The Last Time

Last week I opened the car boot to find that Jack's pushchair had been left folded up and unused in there for so long that it was beginning to grow a layer of mould. Grim, I know. At first I was annoyed with myself and started trying to think of the best ways get it clean. Then I realised that it actually doesn't matter too much since Jack probably won't use it again now. He turns 4 next month and prefers to walk everywhere. And as his build is closer to that of a 5 year old, I doubt he'd fit in it even if he wanted to.

It dawned on me that my pram pushing days are over. And honestly, I felt quite sad about it.

We've had the same pushchair since he was born. It's one of those three wheelers that reclines when they're babies but is essentially a stroller that will also see you through the toddler years. I remember the first time I ever took Jack out in it. He must have been a week or so old and I think it was the first time we'd left the house since he was born.
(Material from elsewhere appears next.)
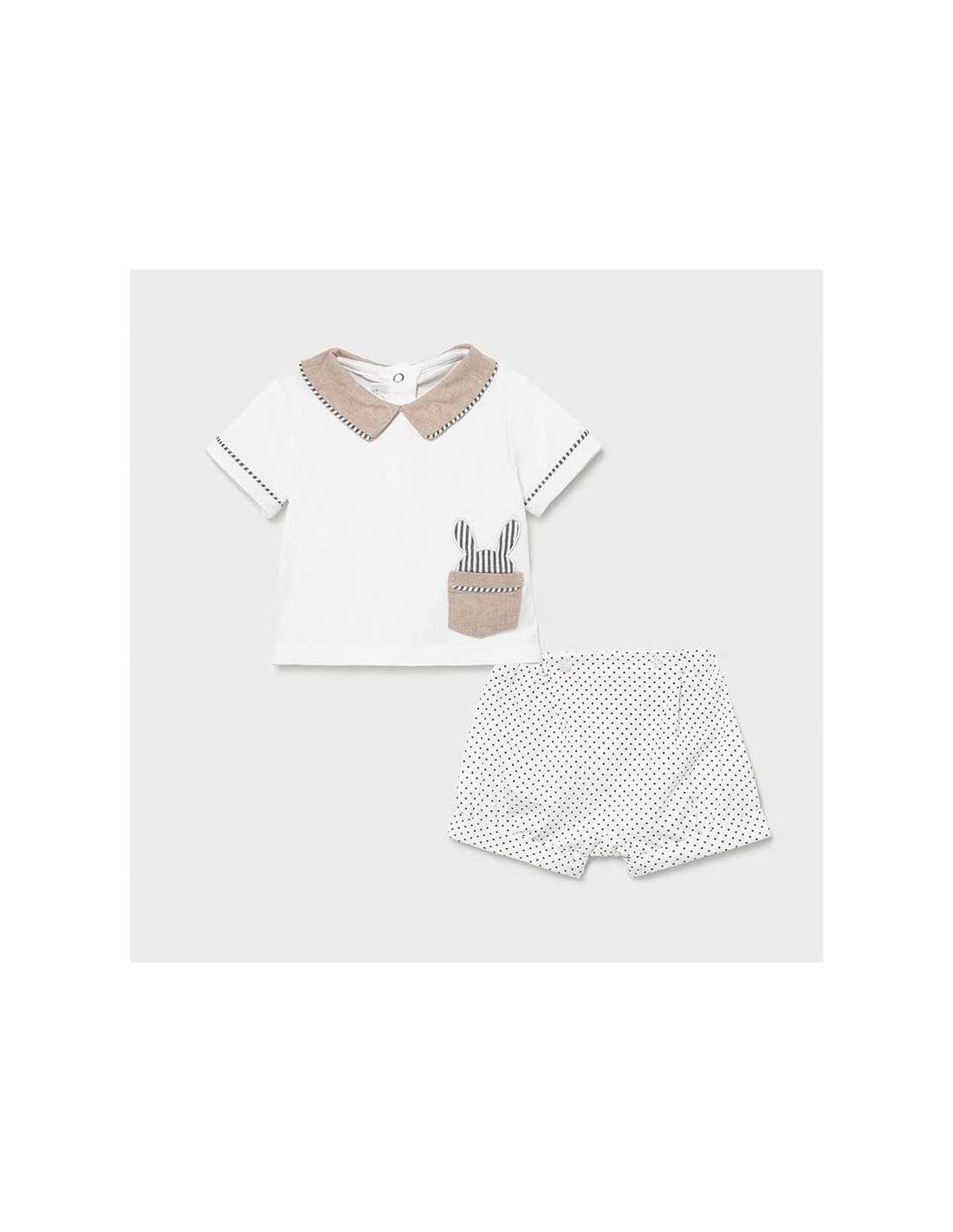 Camiseta de manga corta para recién nacido niño. Cuello camisero. Bolsillo simulado decorativo en la parte delantera. bordado.

I was still achey and sore from the C-section but I wrapped him up in a woolly hat and cardy and we trundled up the road to my mum's house. All the way there his dad and I bickered about who would push him - "you've had a go, it's my turn now" - occasionally veering off onto a grass verge while this tiny little boy-child slept soundly inside.
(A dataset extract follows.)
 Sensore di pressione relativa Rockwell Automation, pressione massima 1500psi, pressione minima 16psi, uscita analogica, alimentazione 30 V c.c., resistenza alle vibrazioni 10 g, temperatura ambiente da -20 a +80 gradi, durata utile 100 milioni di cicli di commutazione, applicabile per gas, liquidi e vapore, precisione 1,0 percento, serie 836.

Of course, the novelty wore off. Folding and unfolding, strapping and unstrapping, hauling it in and out of the boot of my Nissan Micra all became part of our everyday routine. Soon I was a pro at weaving in and out of shop rails, navigating us into the last tiny space in department store lifts amongst the other buggies/wheelchairs and balancing everything from shopping bags, teddy bears and swimming towels on top of the pushchair. The miles I must have wracked up wheeling him around shopping centres, car parks, supermarkets, seasides, garden centres, country paths and convoys with other pram pushing mothers. The pushchair came abroad with us twice and I still remember the sickening moment I struggled to push it up a particularly steep hill in Whitby and, for a split second, genuinely believed we were both going to roll backwards.
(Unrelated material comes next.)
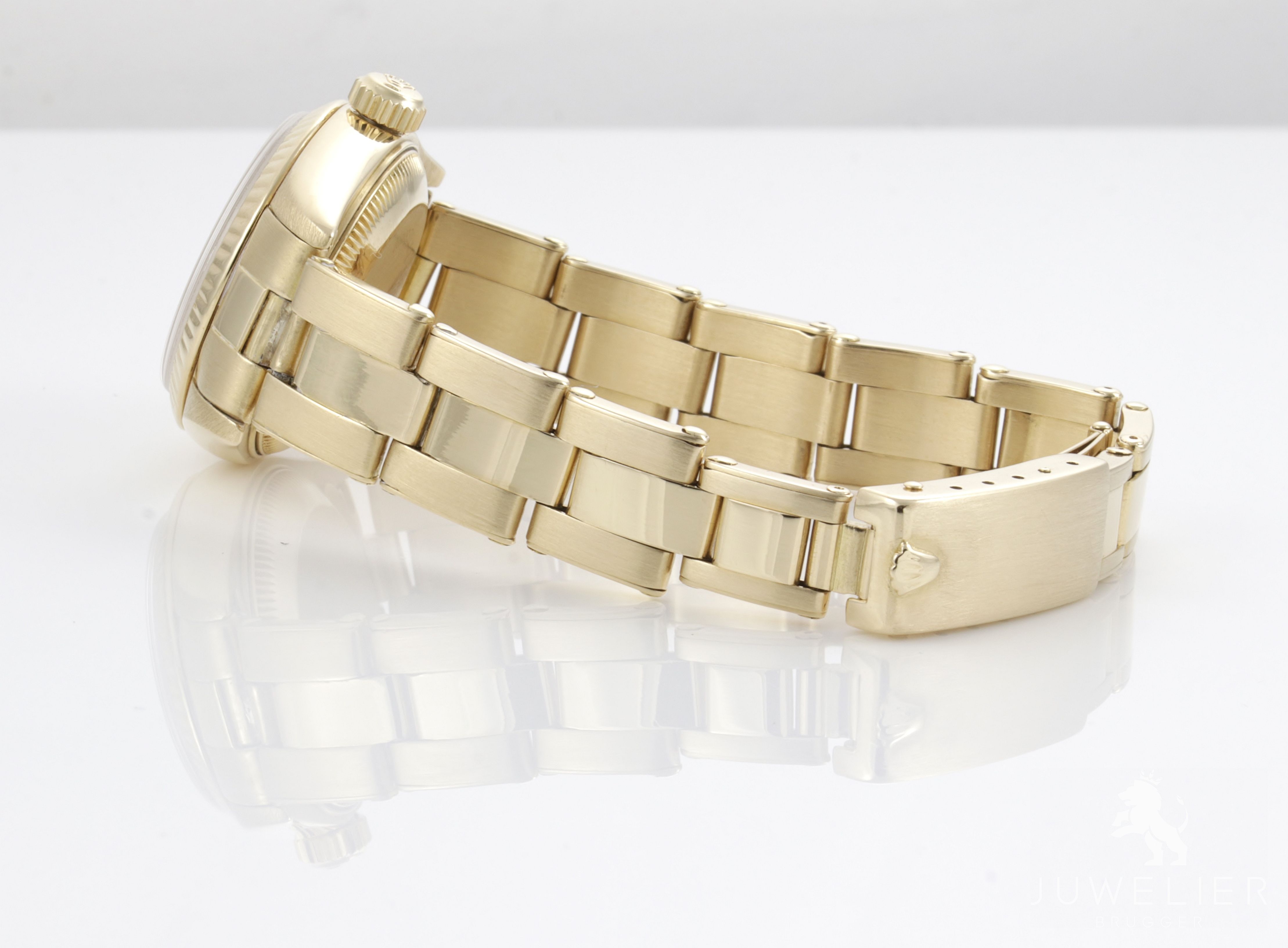Oyster Nietenband aus Gelbgold mit Faltschließe - max. Länge ca. 170mm, verstellbar, gemessen mit Gehäuse.

It seems silly to get nostalgic over a mouldy old pushchair. But I suppose it symbolises something more. It got me thinking about a poem I've seen doing the rounds on Facebook lately called The Last Time - you can read it here - which is basically about appreciating every moment because all too soon your kids will grow up and you'll never get this time with them back again. It happens so quickly, sometimes without you even noticing. I think my heart broke a little bit when I read the part about putting them down one day and never picking them up again. I might remember the first time I took Jack out in the pushchair but I don't remember the last time, even though it must have only been a few months ago. I certainly didn't realise it was the last time. If I had I might have walked a bit further or made him cackle by running down some ramps or just sat and marveled at how his long legs, hanging off the end of the pushchair were only inches from the floor now.

So although sometimes the days feel long and draining and unrewarding, I'm going to try to appreciate every one because honestly, you never really know when the last time is going to be.